::: Available data :::

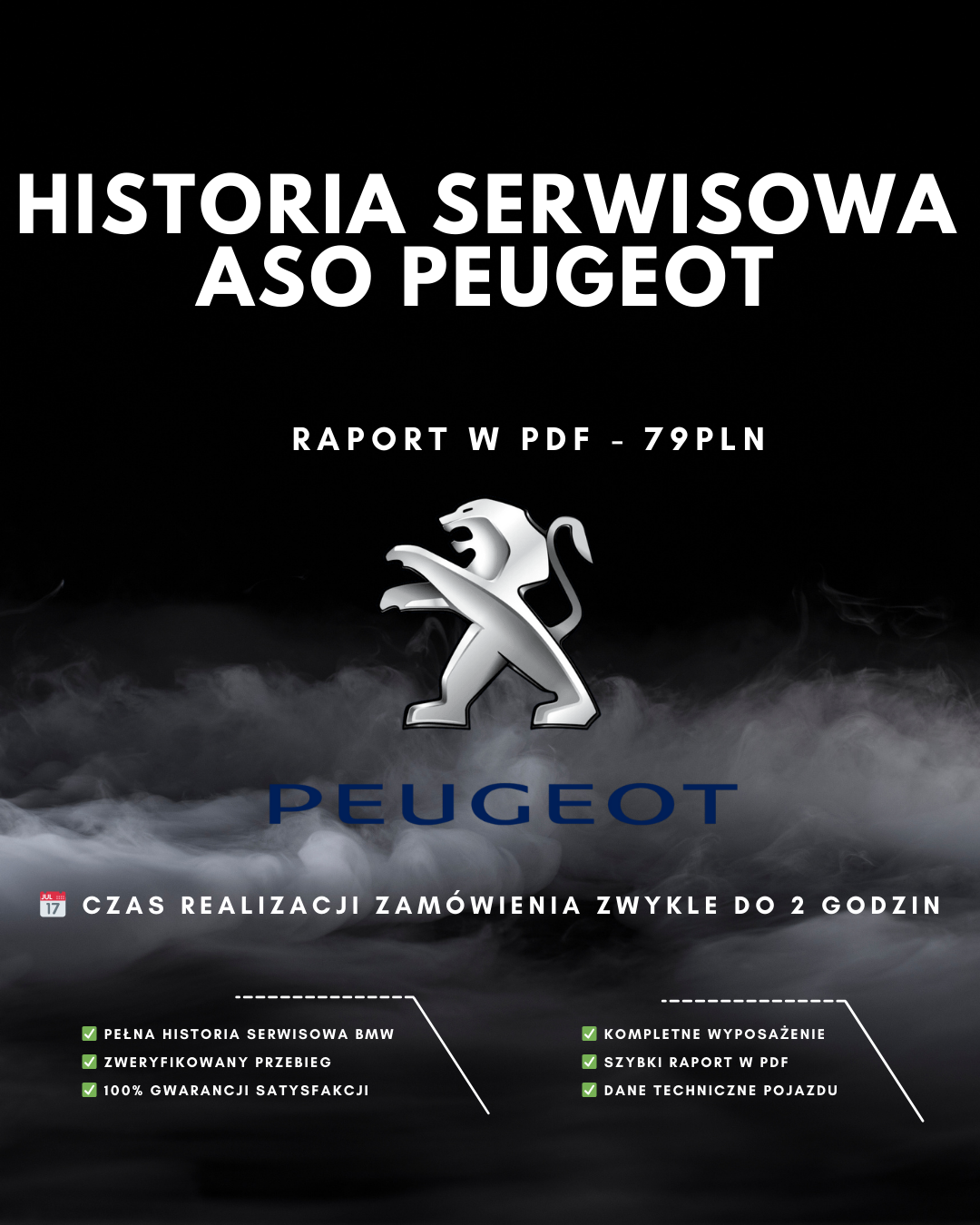 - ???? Bezpieczeństwo – gwarantujemy zwrot kosztów, jeśli historia serwisowa Peugeot nie będzie dostępna.
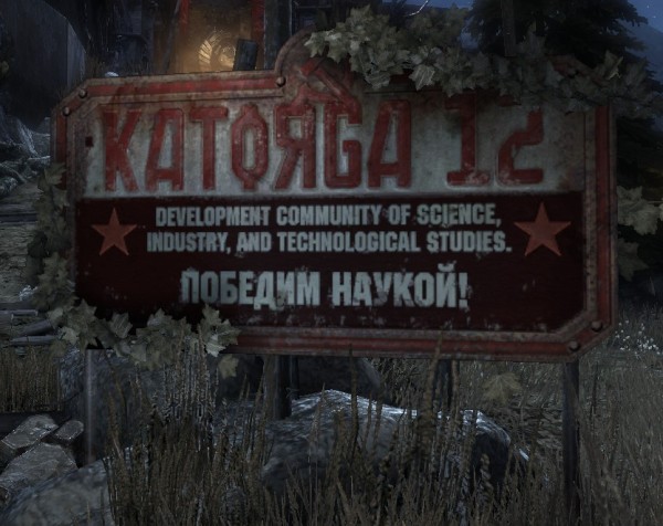 Павел: «антисоветская» игра «Сингулярность» (Singularity), секретный научный центр «Каторга-12»: «Победим наукой!» – для непонятливых американцев расшифровка выше, правда, несколько длиннее. 😊
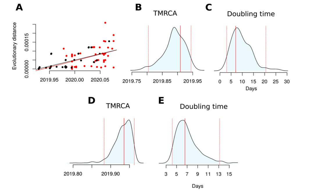虽然对生物和化学一无所知,但这段话的第一个词肯定是后制小组粗心,把贝叶斯分析的Bayesian 截成了ayesian。再往下看,第七行居然还有引用文献!("in line with previous reports based on the same genetic data [7]")。但这里就已经不对了,如果有先前就发表的文章采取了“相同的遗传学数据”显示了相同的“传染速度”(doubling time),那么这不就意味着DH2(剧中的无敌强化武)绝非郭晋安萧正楠他们这组人的独家制备品,并且DH2的一些传染病数据早就已经公开了么。
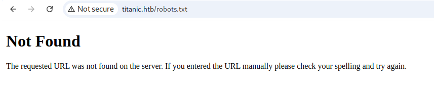 └──╼ [★]$ curl -I http://titanic.htb HTTP/1.1 200 OK Date: Sat, 24 May 2025 03:40:22 GMT Server: Werkzeug/3.0.3 Python/3.10.12 Content-Type: text/html; charset=utf-8 Content-Length: 7399
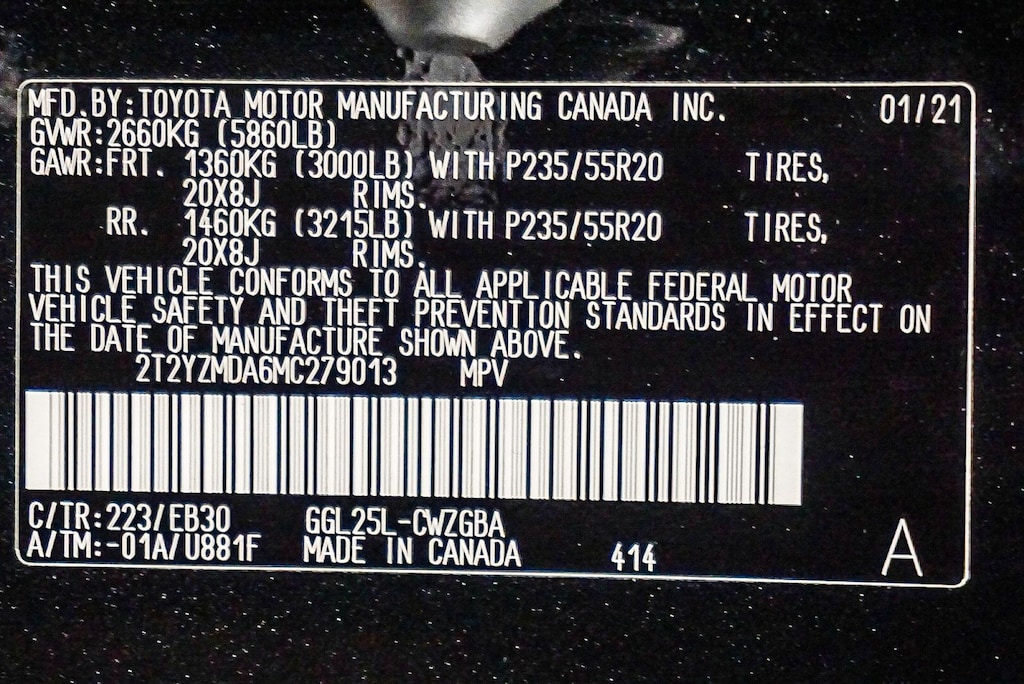- Front tires: 235/55VR20.0
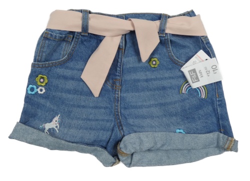 Nové - Modré rifľové kraťasy s opaskom a výšivkou F&F
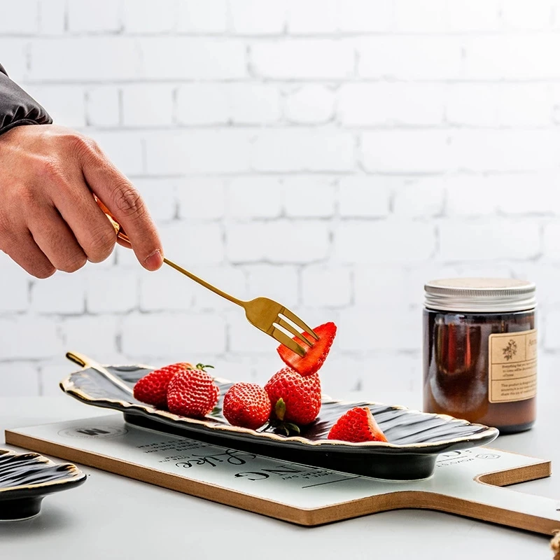 Форма листьев блестящая глазурь белый цвет керамическая тарелка с золотым ободком ювелирные изделия десерт фарфоровая посуда Косметика кольцо перо лоток
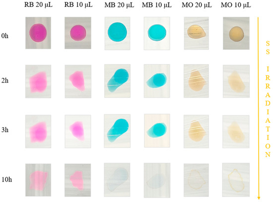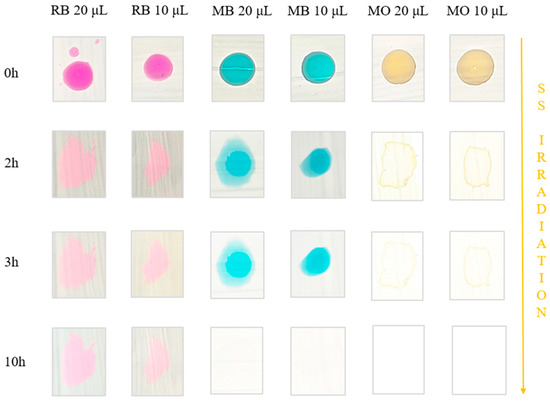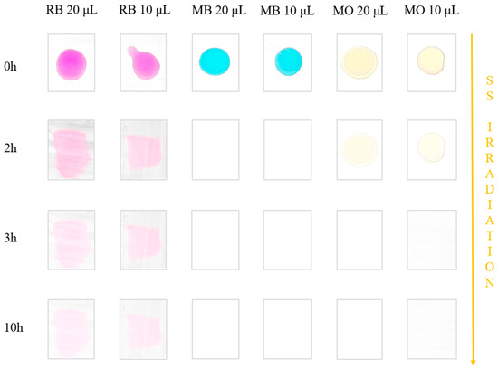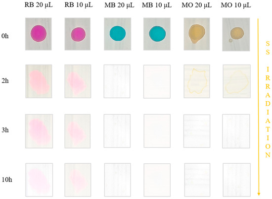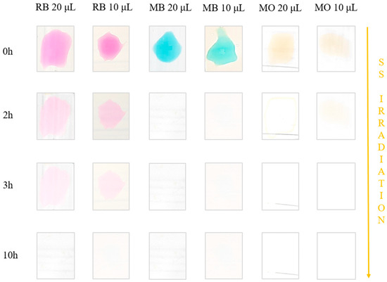 Upon SS irradiation, tiles containing 1.0TiO2 exhibited more efficient outcomes, requiring shorter irradiation durations for MB and MO dye removal. MO was removed within approximately 2 h, whereas MB necessitated 3 h. Despite this, traces of RB persisted on the tile surfaces after 10 h (Figure 15).
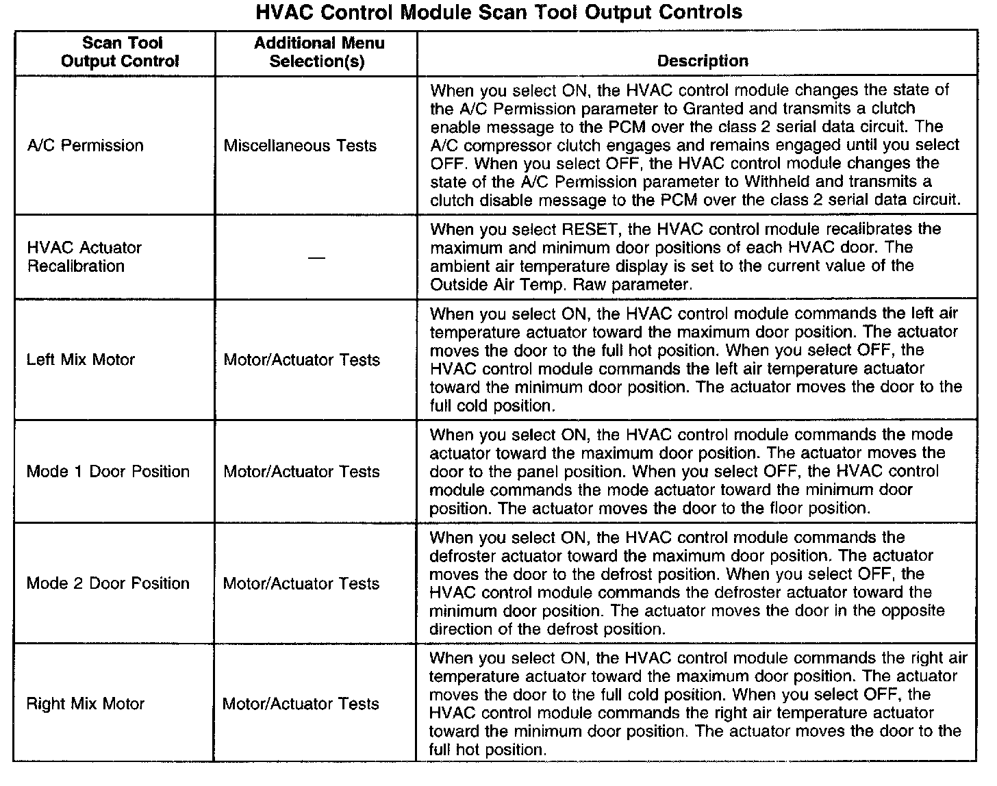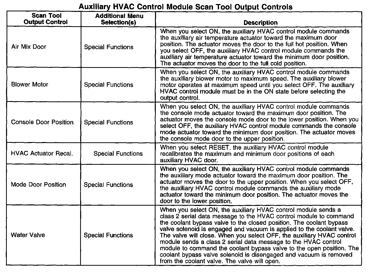 Auxiliary HVAC Control Module Scan Tool Output Controls:
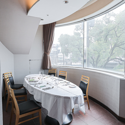 温かみのあるオーバル型のテーブル、窓からは那珂川夜景を望み、お客様の大切なひとときをより効果的にご演出
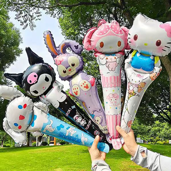La taille est disponible en 18 pouces et 22 pouces. Le poids de 18 pouces n'est que de 20 g. Les enfants le tiennent sans pression et conviennent aux fêtes d'anniversaire et aux activités de la maternelle. L'impact visuel de 22 pouces est fort et peut être utilisé comme élément décoratif dans le paradis des enfants et dans les zones parents-enfants des centres commerciaux. La poignée est fabriquée en matériau PP antidérapant et le joint est renforcé, ce qui peut supporter une force de traction de 5 kg, résolvant ainsi le problème de chute facile du ballon.
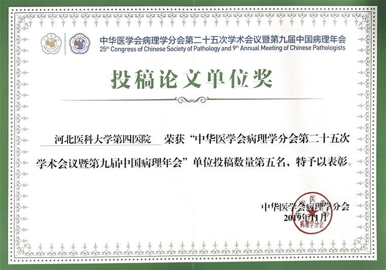 11月14至17日,中华医学会病理学分会第二十五次学术会议暨第九届中国病理年会在河南省郑州市举行。我院病理科及细胞学室投稿共131篇,居全国第五名。大会发言7人次,壁报交流34篇,书面交流91篇,其中3篇壁报被评为“优秀壁报”。我院被大会授予“投稿论文单位奖”,在论文投稿的质和量上得到了国内同行的一致赞誉,为我院在全国病理年会上赢得了荣誉。

:::

*What you should do*
Leave the pictures out. Output, exactly, the lines of the material above starting at the line containing "charset=utf-8 Content-Length: 7399" and ending at the line containing "Upon SS irradiation, tiles".

*Result of this task*
 └──╼ [★]$ curl -I http://titanic.htb HTTP/1.1 200 OK Date: Sat, 24 May 2025 03:40:22 GMT Server: Werkzeug/3.0.3 Python/3.10.12 Content-Type: text/html; charset=utf-8 Content-Length: 7399
- Front tires: 235/55VR20.0
 Nové - Modré rifľové kraťasy s opaskom a výšivkou F&F
 Форма листьев блестящая глазурь белый цвет керамическая тарелка с золотым ободком ювелирные изделия десерт фарфоровая посуда Косметика кольцо перо лоток
 Upon SS irradiation, tiles containing 1.0TiO2 exhibited more efficient outcomes, requiring shorter irradiation durations for MB and MO dye removal. MO was removed within approximately 2 h, whereas MB necessitated 3 h. Despite this, traces of RB persisted on the tile surfaces after 10 h (Figure 15).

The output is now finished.